In short, the campaign they are pursuing against Irene, the Neilsen Haydens—and in fact, against Tor itself—has a deep taproot in values not reflective of a tolerant and diverse society. Those of us speaking up against this campaign are doing so not because we want a fight, but because if we stay silent, the deeply offensive views of a destructive individual will be further elevated, driving away many, many people from our field.

It boils down to this. There was truth in Irene’s words. It took courage for her to say something. She has my respect.

For me, this is not a matter of politics. I took a public stand last fall against Requires Hate, a serious cyber-bully on the left. This is about standards of discourse. It’s only a noisy and obnoxious few who insist on making trouble. Our broader SFF community recognizes that we can have political disagreements—even heated ones—without resorting to hateful, dehumanizing rhetoric, threats, and social-media shaming campaigns against people whose views we dislike.
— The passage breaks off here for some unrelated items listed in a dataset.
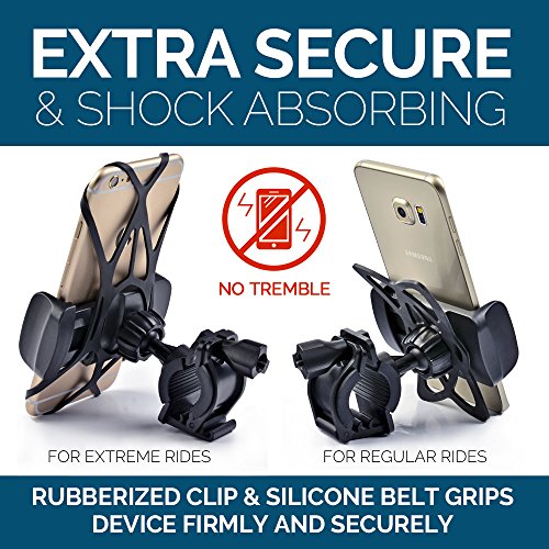 Bike & Motorcycle Cell Phone Mount - For iPhone 6 (5, 6s Plus), Samsung Galaxy Note or any Smartphone & GPS - Universal Mountain & Road Bicycle Handlebar Cradle Holder. +100 to Safeness & Comfort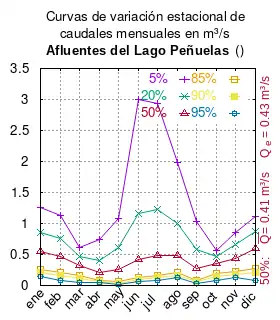 ![]() Curvas de variación estacional de la entrada de caudales al lago Peñuelas. |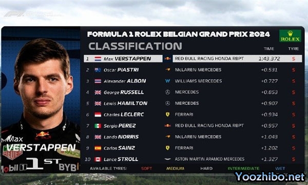 - 【录像】[腾讯]2024F1比利时大奖赛第一次练习赛 圈速2024-07-27 23:33:11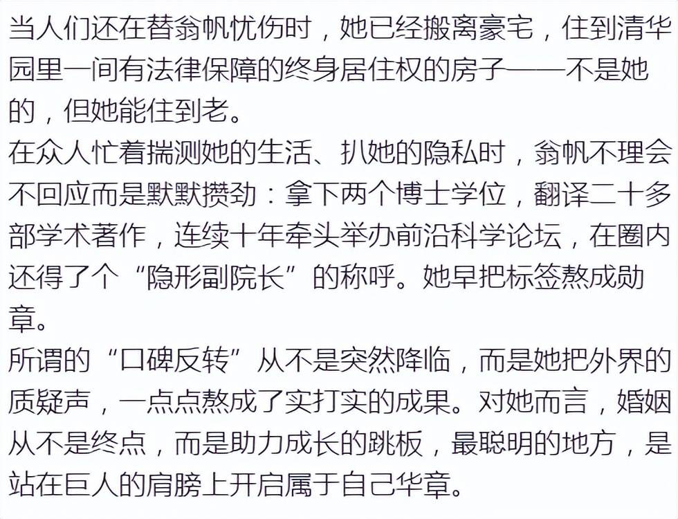 只不过,和杨振宁在一起,真的是达到了一个新的人生高度,享受没有压力的生活。没有夫妻吵架,老头有房有钱有地位有能力护着她。不担心没钱养老,不用上班生闲气。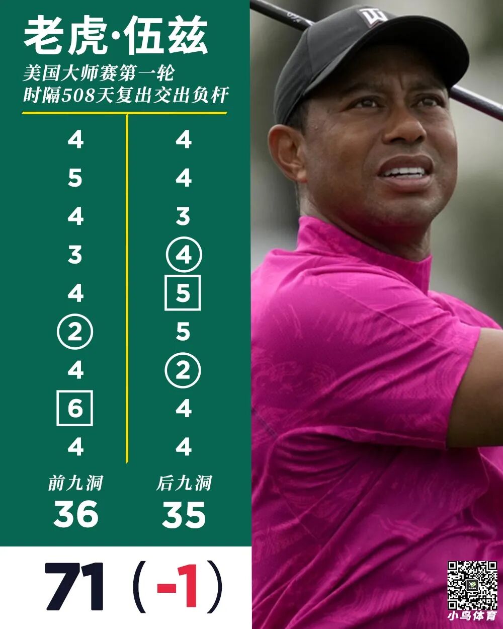 而在今天凌晨,2022年美国大师赛第一轮比赛中,老虎·伍兹更是用低于标准杆1杆的记分卡,对世人说——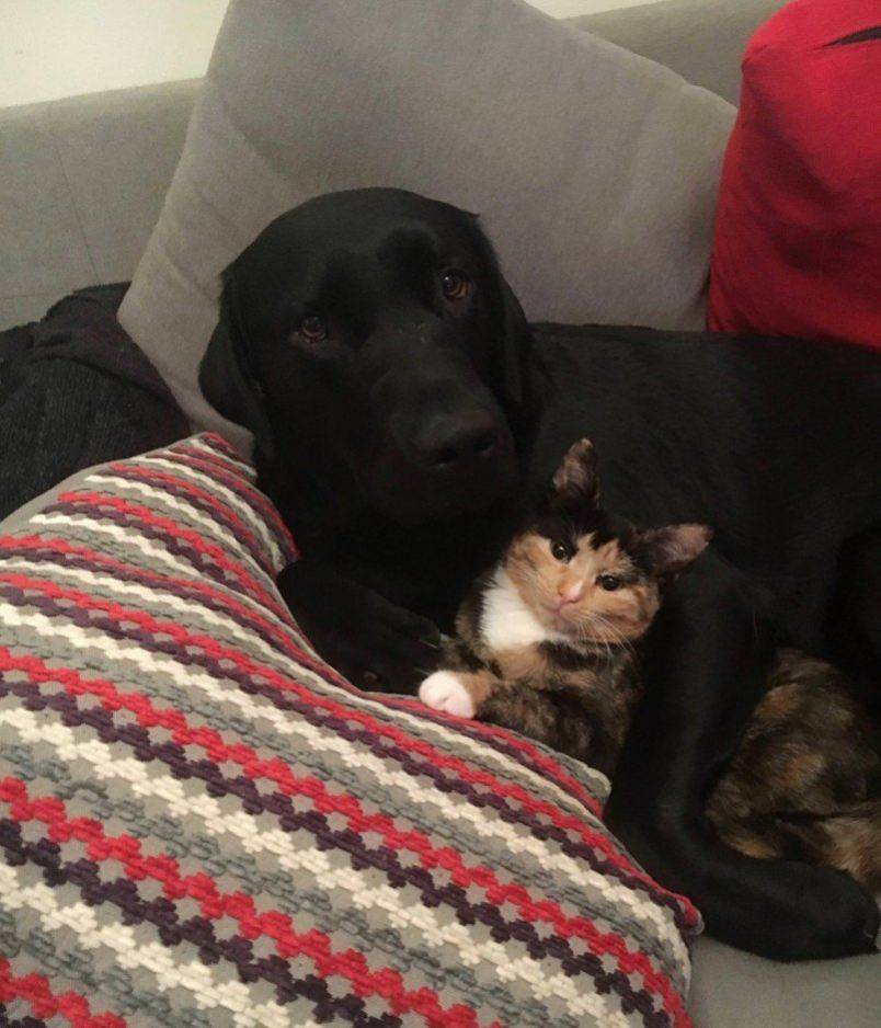 Постепенно необъяснимое обаяние котят топит лёд в самых неподкупных сердцах суровых псов. Наша годовалая собака породы далматин страдала от ложной беременности в то время, когда дочери подарили месячного британского котёнка. Сука выкормила его, как родного щенка. И со всей ответственностью ударилась в его воспитание. Да так, что у него сохранилось идеальное поведение на протяжении уже восьми лет.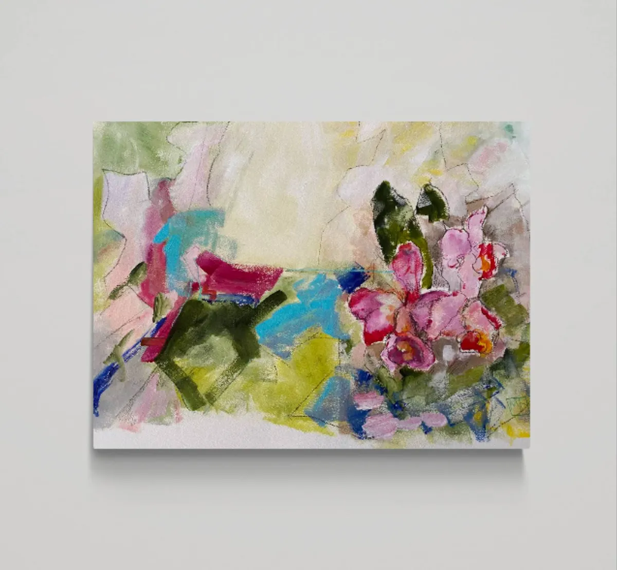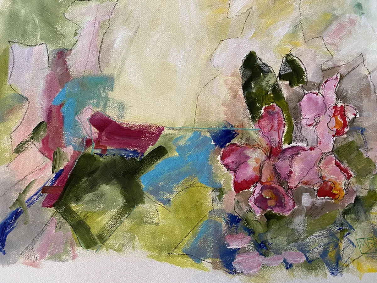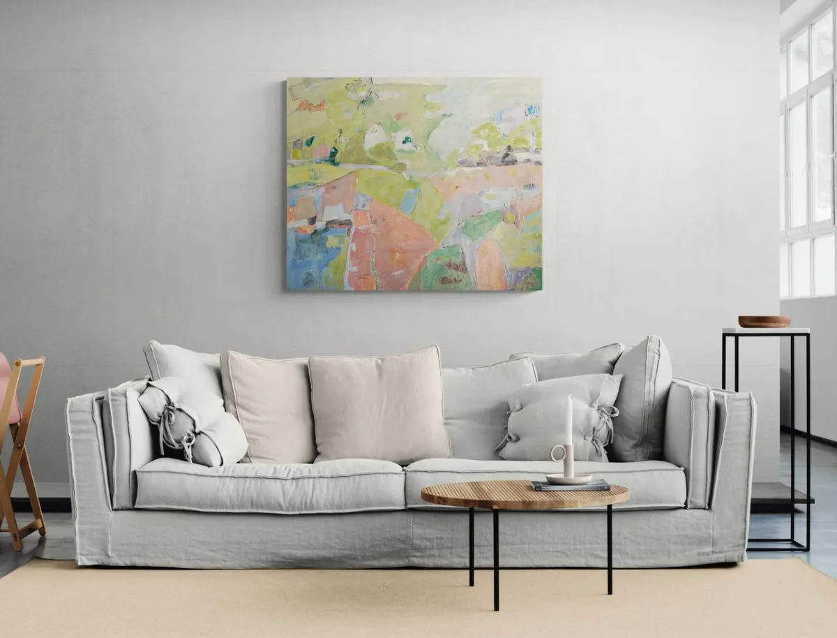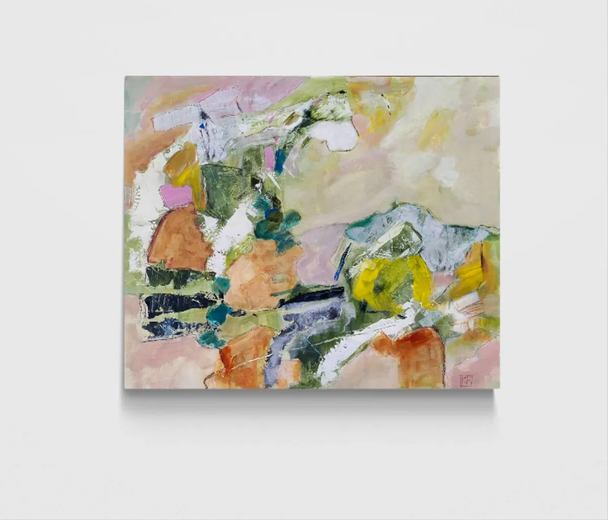 This acrylic painting, accented with china pen, on cradled board explores the interplay between memory and place, drawing inspiration from time spent in Arashiyama, outside Kyoto. Known for its bamboo groves, forested mountains, and cultural landmarks like temples, shrines, and villages, Arashiyama exists at the intersection of nature and human presence—a duality I wanted to explore through abstraction. It was awarded Honorable Mention Teravarna 10th Open Art Competition. Using a soft, layered palette of greens, muted pastels, and earth tones, the work avoids literal representation, instead emphasizing the fluidity of memory and how we reconstruct landscapes in our minds. The addition of china pen linework introduces dynamic, gestural marks that suggest pathways, boundaries, and fleeting details, speaking to the fragmented, layered way we experience and remember spaces. This painting aligns with a contemporary focus on the relationship between environment and human intervention, questioning the boundaries between natural and cultural landscapes. The abstracted forms and interconnected shapes invite viewers to navigate the work as they would a map—imagining their own movement through the space. Ultimately, the piece examines how personal and collective histories inform our connection to landscapes, offering a space for reflection on the coexistence of tradition, nature, and modern life.

In fact, for the continued health and well-being of our field, I believe we must.

Now that Irene has apologized for any confusion or upset that her remarks may have caused among well-intentioned Puppy supporters, and now that you have publicly clarified Tor’s position and your reasonable desire to continue as you have been, grounded in your company’s commercial mission to provide SFF readers with a wide and enjoyable range of good fiction across multiple political and other perspectives, both Irene and Tor have amply satisfied their professional obligations to your customers and the community at large. I believe that neither you, Irene, the Nielsen Haydens, nor anyone else at Tor or Macmillan, has a further obligation to respond to the demands of Theodore Beale, John C. Wright, or their supporters.

I want to support Tor and Irene publicly as well as privately, and will be posting a copy of this letter on my blog, laurajmixon.com

In closing, I am proud to call myself a Tor author, I’m deeply sorry that your company has been targeted like this, and I wish you all the best. 

 Sincerely,

-l.

My letter says just about everything I feel the need to say about the matter. But in case it isn’t clear, I am opposed to boycotts of Tor’s books. Tor is also a target in this campaign, and I’m not interested in giving Beale what he wants.

Yes, I believe Beale’s targeting Irene was part-and-parcel with his own misogynistic views, but I believe Tom’s intent was to be even-handed. I know him to be a community-minded man who is deeply loyal to his staff and his authors.

I stand with Irene Gallo, with Patrick and Teresa Nielsen Hayden, and I also stand with Tor.